Grete believed that she used to be his wife, a young Englishwoman from Lomas de Zamora who had fallen in love with the young professor who taught courses in E. M. Forster and Virginia Woolf. The story was her alibi, she was a disillusioned woman secretly in love with a man on whom she wanted to take revenge. They had to find her. The cellars of the Mercado del Plata connected to the underground streets that crossed beneath Av. Nueve de Julio and the subway passageways of Carlos Pellegrini Station, where all the subway lines of the city converged. That was a point of escape, a nucleus for refugees and rebels, hippies, gauchos, spies, all sorts of ex’s, smugglers, anarchs. To get to the building they had to cross an abandoned parking lot, a no-man’s-land between the shelters and the city. They must surely have already seen them in the alleyway and were now watching them on the closed-circuit screens. She saw herself in the Clinic, the white eye of a camera on the ceiling. She thought Arana was speaking with a nurse behind her. She felt she was falling asleep. She was too tired. The Tano took her by the arm and forced her to keep going, almost running between the abandoned parking meters. It was like crossing a forest. The Irish band The Hunger could be heard through the loudspeakers.

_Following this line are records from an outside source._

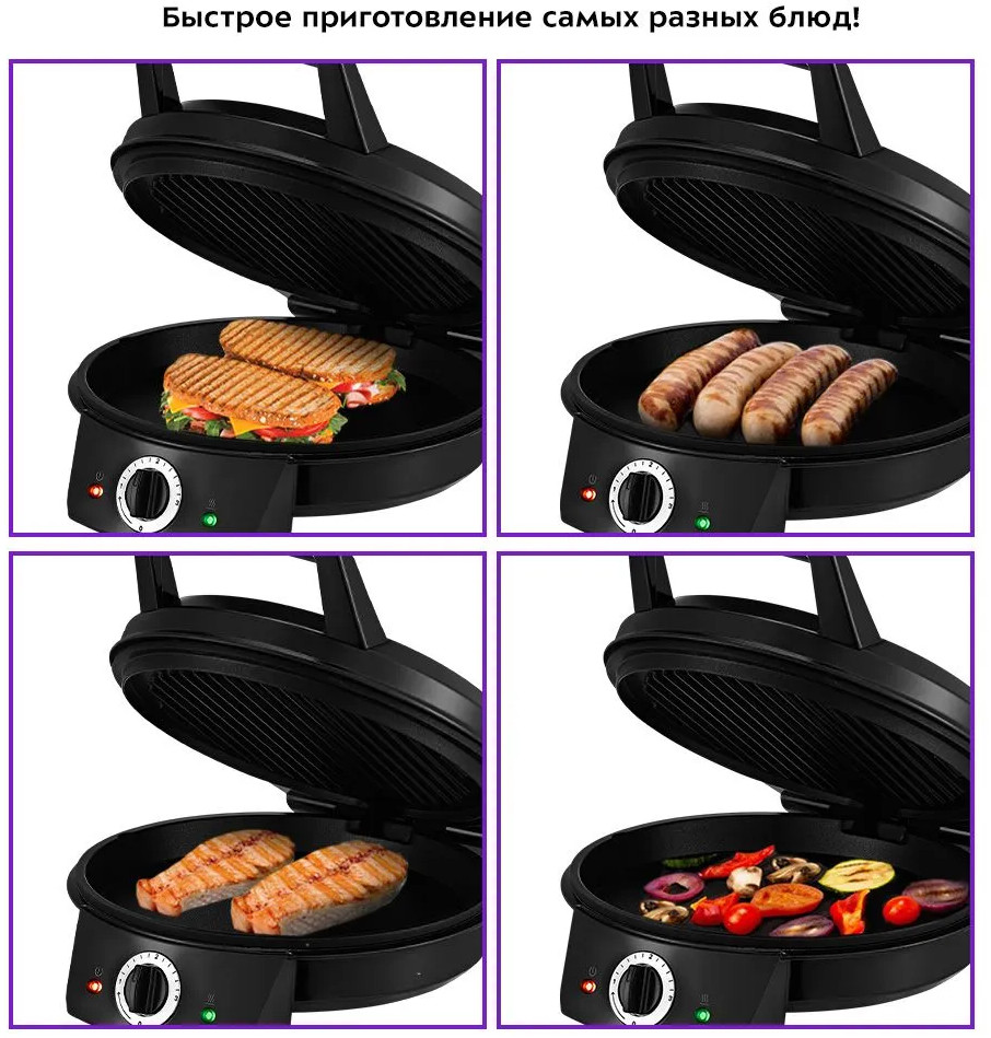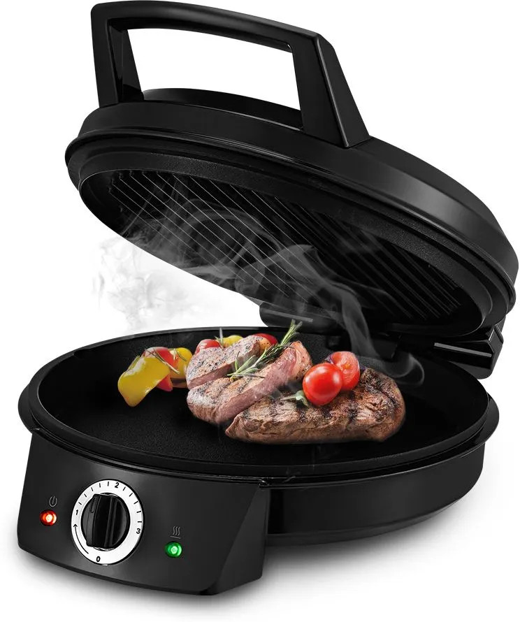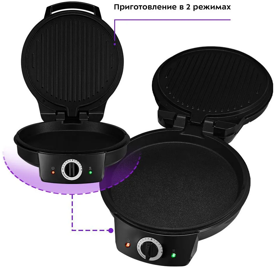 Конструкция гриля позволяет готовить в 2 режимах. В двустороннем режиме гриль закрывается крышкой и продукты готовятся одновременно в 2 сторон. В одностороннем крышка откидывается на 180 °С, и гриль превращается в большую жаровню.
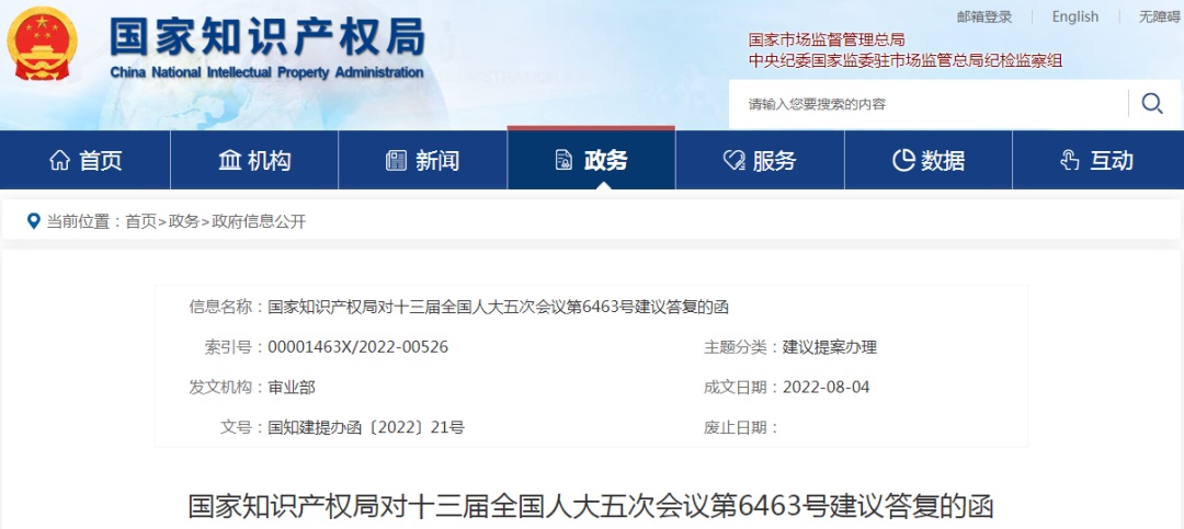 國家知識產權局對十三屆全國人大五次會議第6463號建議答復的函
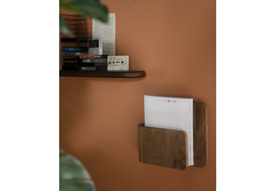 Διακοσμητικό τοίχου για αποθήκευση βιβλίων από ξύλο mango σε natural, καφέ και μαύρη απόχρωση.
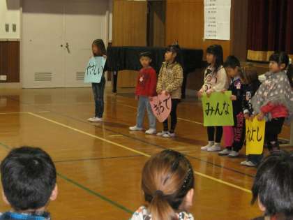 1年生ははじめての「ときめき発表会」でしたが,「やさしいきもちで みんな なかよし」をテーマに交流したことを思い出しながらしっかりアピールしていました。
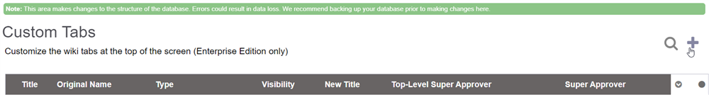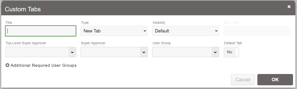 At a minimum, give a title to your custom tab, leave the Type to New Tab, and click OK. You can also set a Top-Level or Super Approver for the tab. This user will be required to review all article changes or insertions at the top-level of that specific tab's wiki, or for any level on that wiki tab, respectively.
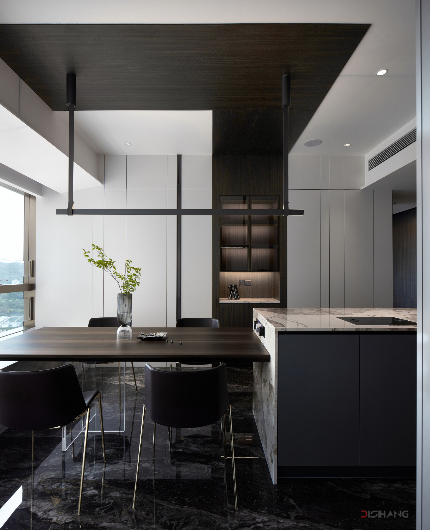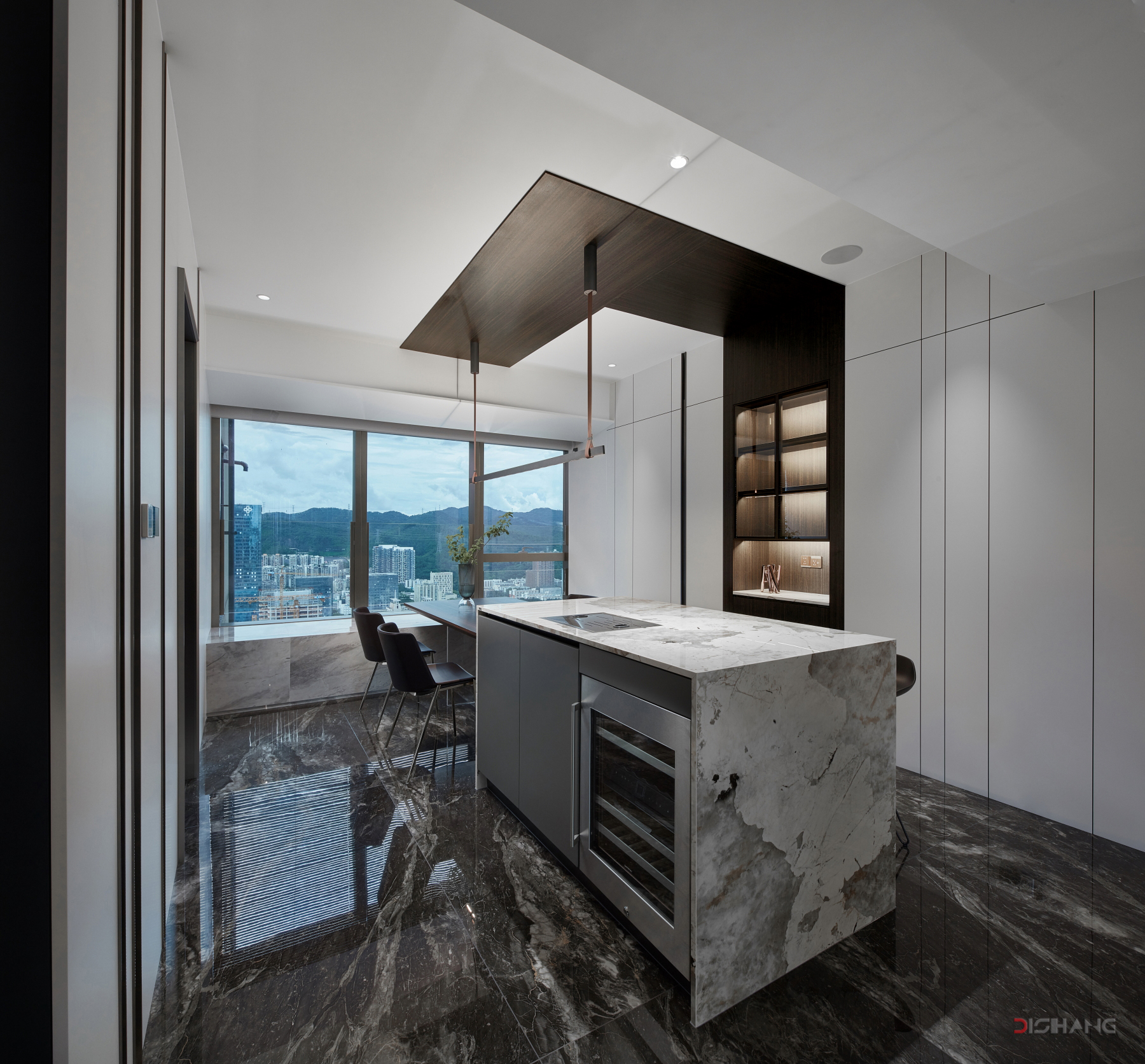 悬浮式餐桌连接岩板岛台,石材与木质的纹理搭配,让整体更显美观流畅。岛台水盆采用隐藏式设计,平时不用时可以藏到台下,解放台面空间,整体在视觉上更加简洁清爽。 -
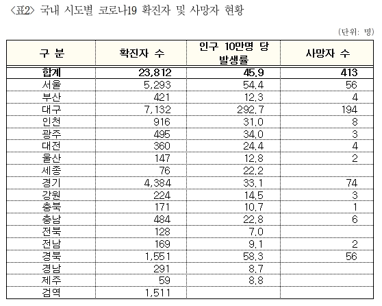 인구 10만명 당 코로나19 확진자 발생율을 보면 전국 평균은 45.9명으로 나타났으며, 시도별로는 대구시가 292.5명으로 가장 높았으며, 그 다음으로 경북 58.3명, 서울 54.4명, 광주 34.0명, 경기 33.1명, 인천 31.1명의 순으로 발생율이 높았다.

It was their new anthem, “The Reptile Enclosure.” They were the children of the children of the nationalist rebels. At seventeen years of age, Molly Malone was the leader of the band, and she had become a superstar singer with her glassy throat. Her brother Giorgio sang backups with his warm tenor voice, but he would go crazy and change the lyrics, sing rap improvisations over the anthems of the Republican Army. The crowds went mad over Molly Malone’s live performances. The concert lasted two hours. The observance personnel had in all likelihood connected their monitors to the broadcasts of channel 9. The Tano thought that luck was on their side and that they might be able to escape. They had one chance in thirty-six. It was always the same. He liked to play roulette because it was a replica of life.